For a real square matrix $S$ with all eigenvalues on the imaginary axis, does the following hold?

Question

Given a real square matrix $S$ which has all the eigenvalues on the imaginary axis, is it true that there exists a positive definite matrix $P=P^{T}>0$ such that \begin{equation} S^T{P}+PS=0? \end{equation}

I found that claim in a research paper (which is not yet available online!) but I do not find a way to prove this.

While trying to do an example problem, I noticed that for a matrix \begin{equation} S=\begin{bmatrix}\omega & \sigma\\-\sigma & \omega\end{bmatrix}, \end{equation} the claim holds if $P$ is an identity matrix. Additionally, for any block-diagonal matrix $S_1$ with the diagonal matrix being in the same form as $S$, there exists a corresponding unique $P$ which satisfies the claim.

But in general, the matrix which has all eigenvalues on the imaginary axis, needs not have the same form as $S_1$, and is there a way to show that there exists a unique $P$ for which the claim holds?

Answer 1

That $S^TP+PS=0$ means $PS$ is skew-symmetric. In turn, $P^{-1/2}(PS)P^{-1/2}=P^{1/2}SP^{-1/2}$ is skew-symmetric too. Thus a necessary condition for $P$ to exist is that $S$ is diagonalisable over $\mathbb C$.

This condition is also sufficient: if $S$ is diagonalisable over $\mathbb C$, it admits a real Jordan form $S=M^{-1}KM$. As $S$ has a purely imaginary spectrum and non-real eigenvalues of a real matrix must occur in conjugate pairs, $K$ is skew-symmetric. Hence $PS=M^TKM$ is skew-symmetric for $P=M^TM>0$.

Answer 2

Since $P$ is also real we have $P=P^*$ therefore $$P=P^H$$using Schur decomposition for $P$ we have$$P=UDU^H$$ where $D$ is diagonal with all the entries being real. For satisfying $S^TP+PS=0$ (or equivalently $S^HP+PS=0$) we must have:$$P^{-1}S^HP+S=0\\UD^{-1}U^HS^HUDU^H+S=0\\D^{-1}U^HS^HUDU+U^HSU=0$$defining $T=U^HSU$ we have$$D^{-1}TD+T=0$$or $$TD+DT=0$$ also by daggering it $$T^HD+DT^H=0$$which yields to $$D(T+T^H)+(T+T^H)D=0$$defining $V=T+T^H$ where $V$ is also hermition we obtain$$DV+VD=0$$The (ith,jth) entry of $DV$ is $d_{ii}v_{ij}$ and the (ith,jth) entry of $VD$ is $d_{jj}v_{ij}$ where$$d_{ii}v_{ij}+d_{jj}v_{ij}=0$$ which means that $v_{ij}=0$ for all $i,j$ since $D$ is positive definite and $d_{ii}>0\quad,\quad\forall i$. This means that $V=0$ or $T^H=-T$ or equivalently $S^H=-S$ which is the only solution with $P=I$.

Answer 3

The answer is no.

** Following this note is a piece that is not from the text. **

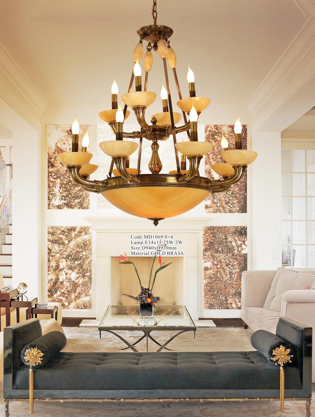 Đèn chùm đồng chao đá Tân cổ điển MD1069/8+4

Here $S\in M_n(\mathbb{R})$ where $n$ is even.

Choose $n=4,S=\begin{pmatrix}U&I_2\\0&U\end{pmatrix}$ where $U=\begin{pmatrix}0&1\\-1&0\end{pmatrix}$. Let $P=[p_{i,j}]\in M_4(\mathbb{R})$ s.t. $S^TP+PS=0$.

With an easy calculation, we find that $P$ is in the form $\begin{pmatrix}0&0&0&-a\\0&0&a&0\\0&a&b&0\\-a&0&0&b\end{pmatrix}$; thus $P$ cannot be symmetric $>0$.